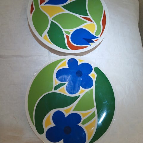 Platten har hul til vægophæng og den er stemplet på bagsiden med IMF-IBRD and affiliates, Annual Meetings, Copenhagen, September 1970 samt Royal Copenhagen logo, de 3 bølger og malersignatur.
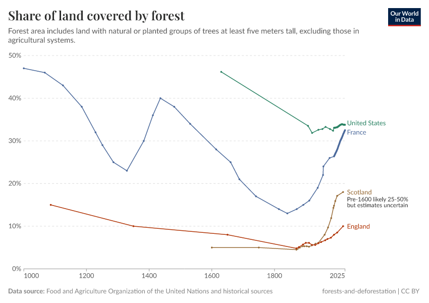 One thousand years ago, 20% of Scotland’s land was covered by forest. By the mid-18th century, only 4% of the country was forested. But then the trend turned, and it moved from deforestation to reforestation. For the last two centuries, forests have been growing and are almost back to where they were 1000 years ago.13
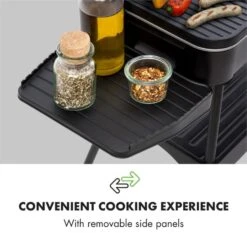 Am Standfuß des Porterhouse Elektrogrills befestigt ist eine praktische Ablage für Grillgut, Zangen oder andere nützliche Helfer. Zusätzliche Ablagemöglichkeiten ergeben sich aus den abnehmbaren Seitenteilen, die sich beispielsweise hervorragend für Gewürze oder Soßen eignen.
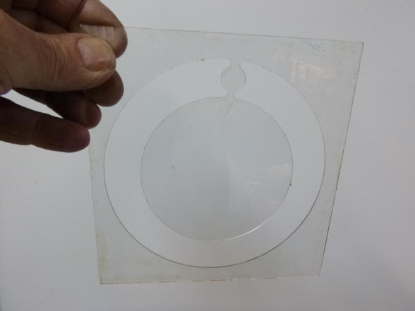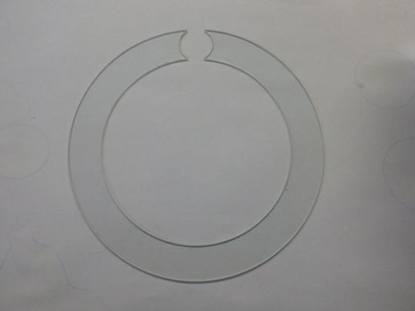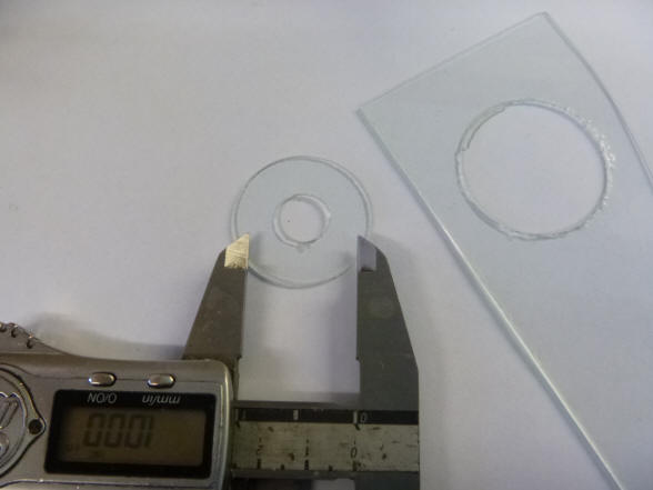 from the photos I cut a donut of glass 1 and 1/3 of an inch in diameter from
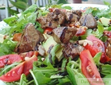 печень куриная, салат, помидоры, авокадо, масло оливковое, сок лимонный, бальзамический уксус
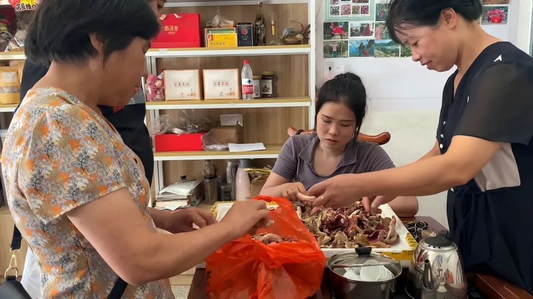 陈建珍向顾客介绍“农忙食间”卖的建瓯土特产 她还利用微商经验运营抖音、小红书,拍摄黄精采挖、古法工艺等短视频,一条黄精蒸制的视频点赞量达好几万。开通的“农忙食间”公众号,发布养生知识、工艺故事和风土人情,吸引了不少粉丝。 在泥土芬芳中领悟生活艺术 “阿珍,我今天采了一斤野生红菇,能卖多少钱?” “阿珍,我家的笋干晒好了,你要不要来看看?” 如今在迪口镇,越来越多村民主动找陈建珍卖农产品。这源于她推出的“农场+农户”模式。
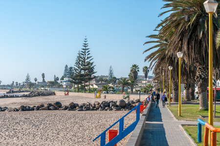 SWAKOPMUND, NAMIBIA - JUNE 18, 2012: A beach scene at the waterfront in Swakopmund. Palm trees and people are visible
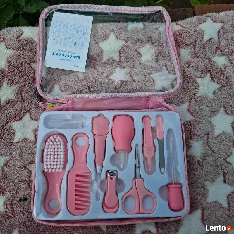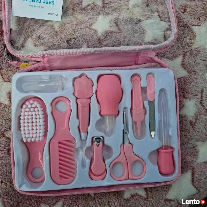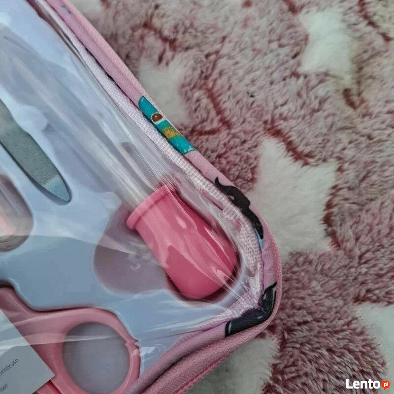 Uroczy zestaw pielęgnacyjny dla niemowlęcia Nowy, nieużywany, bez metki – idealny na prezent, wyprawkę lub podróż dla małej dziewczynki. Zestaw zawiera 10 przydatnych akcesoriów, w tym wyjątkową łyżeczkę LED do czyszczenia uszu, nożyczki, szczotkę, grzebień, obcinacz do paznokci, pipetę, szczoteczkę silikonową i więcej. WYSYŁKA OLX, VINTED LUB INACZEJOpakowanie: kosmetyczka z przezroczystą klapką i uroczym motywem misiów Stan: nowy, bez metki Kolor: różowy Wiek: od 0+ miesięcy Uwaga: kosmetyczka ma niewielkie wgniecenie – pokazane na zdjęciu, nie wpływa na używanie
----
Above are the records. Copy word for word only their lines from the one holding "One thousand years" through the one holding "Am Standfuß des", both included, and skip the images.

→ Your solution:
 One thousand years ago, 20% of Scotland’s land was covered by forest. By the mid-18th century, only 4% of the country was forested. But then the trend turned, and it moved from deforestation to reforestation. For the last two centuries, forests have been growing and are almost back to where they were 1000 years ago.13
 Am Standfuß des Porterhouse Elektrogrills befestigt ist eine praktische Ablage für Grillgut, Zangen oder andere nützliche Helfer. Zusätzliche Ablagemöglichkeiten ergeben sich aus den abnehmbaren Seitenteilen, die sich beispielsweise hervorragend für Gewürze oder Soßen eignen.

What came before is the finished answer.